Début décembre 2022, Joy Spence et Luca Gargano dévoilaient les 2 nouveaux millésimes bruts de fûts 100% pot still de la plus ancienne distillerie jamaïcaine. Et on n’imaginait pas meilleure nouvelle sous le soleil de Jamaïque. Sauf que si : les voici à présents disponibles sur le marché. A vos marques, prêts…
Soudain un sourire lumineux fend son visage, et jamais prénom ne fut aussi bien porté. Joy Spence, master blender des rhums Appleton, s’apprête à dévoiler les deux nouveaux bottlings de la Hearts Collection initiée en 2020 en collaboration avec Velier. Un Evénement, e majuscule s’il vous plaît. La grappe de journalistes s’installe dans la salle de dégustation à son nom, au terme d’un parcours de visite historico-technique qui porte également son nom, la Joy Spence Appleton Estate Rum Experience.
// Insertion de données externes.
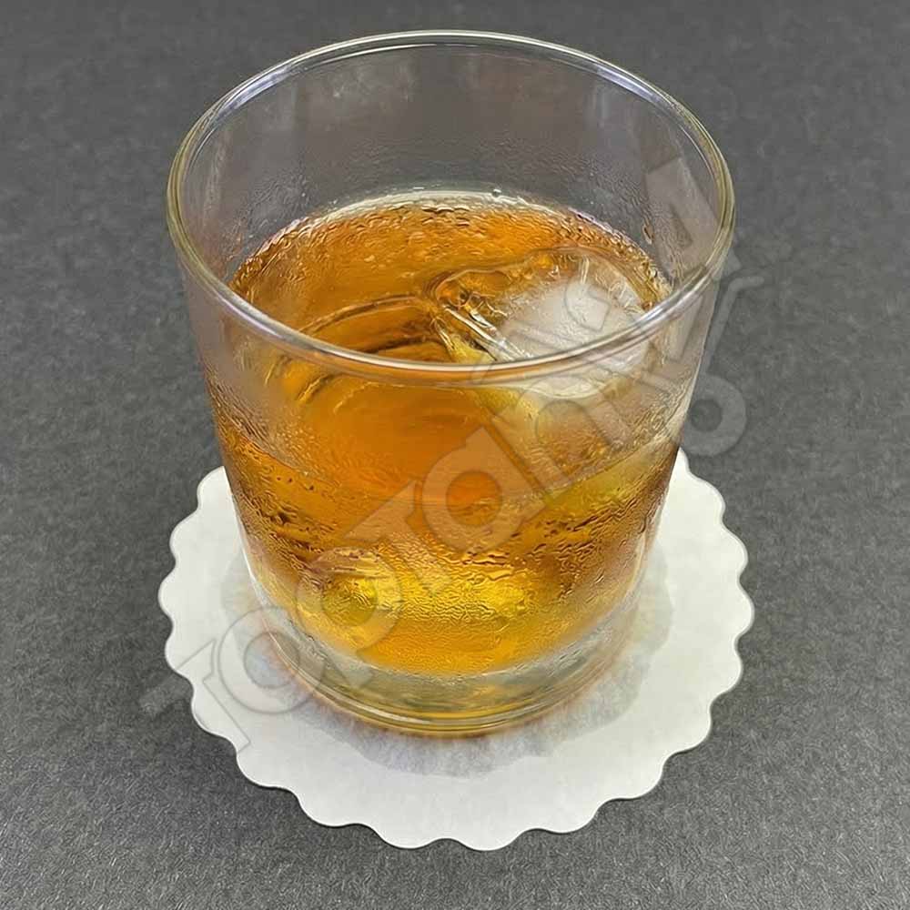 Disposable paper coaster, laminated paper coasters, personalized beverage coasters, bulk paper doilies, hotel supply coasters, white embossed paper coasters, Dole paper coaster.

Car la septuagénaire est une star. Entrée comme chimiste chez Wray & Nephew (la maison mère d’Appleton, aujourd’hui dans le giron de Campari) il y a plus de quarante ans, elle fut la première femme master blender nommée dans l’industrie du rhum, en 1997. Une prouesse, dans un univers où les chromosomes XX se comptaient jusqu’à il y a peu sur les doigts d’une moufle, et au sein d’une société jamaïcaine restée terriblement machiste à bien des égards.
« Cela faisait très longtemps que je voulais créer un rhum Appleton 100% pot still », souffle-t-elle à voix basse. Car la vieille distillerie jamaïcaine assemble pour composer sa gamme des jus distillés en colonne à d’autres concentrés en alambics, des pot stills de cuivre à double retort qui crachent en une passe une gnôle à 85% environ.
Finalement, le coup de pousse de Luca Gargano – lui parle de coup de foudre amical –, va déclencher l’aventure dont Joy Spence rêvait : des Appleton sauvages et rugissants, des Appleton bruts de fût purs pot still. Si Velier embouteille la Hearts Collection, dans ses célèbres bouteilles noires qui affolent les maisons d’enchères et transforment les collectionneurs en zombies mous du bulbe, les flacons sont bel et bien des versions officielles.
On déguste ? La 3e salve de la Hearts Collection se compose d’un binôme 1993 (13 fûts assemblés) et 2002 (20 fûts). Avec ses notes de fleur d’oranger, de café fraîchement torréfié, de mélasse onctueusement réglissée, de caramel fondant sur le chêne livré à pleine patate, le millésime 2002 s’acoquinera avec une bouchée de kiwi tout juste pelé, sur les conseils de Joy Spence. « L’apport de la distillation en pot still, ce sont ces notes d’orange qui signent tous les rhums Appleton »,révèle la master blender. Chaque assemblage en contient une proportion, plus ou moins grande selon les expressions.
Le millésime 1993, un superbe spécimen vieilli 29 ans, lâche les épices, la menthe et les zestes d’orange sur une structure boisée (of course), le caramel vanillé s’invitant en finale, encore, encore, encore – la finale. Une merveille à siroter en croquant un chocolat noir, insiste Joy, en pied de nez aux puristes qui voudront le déguster religieusement sec. Mais en 2020, en révélant les premiers bottlings Hearts Collection, ne conseillait-elle pas de servir le rare 1995 en Old Fashioned sucré à la mélasse ? Une tuerie, soit dit en passant, because, oui, forcément, j’ai essayé.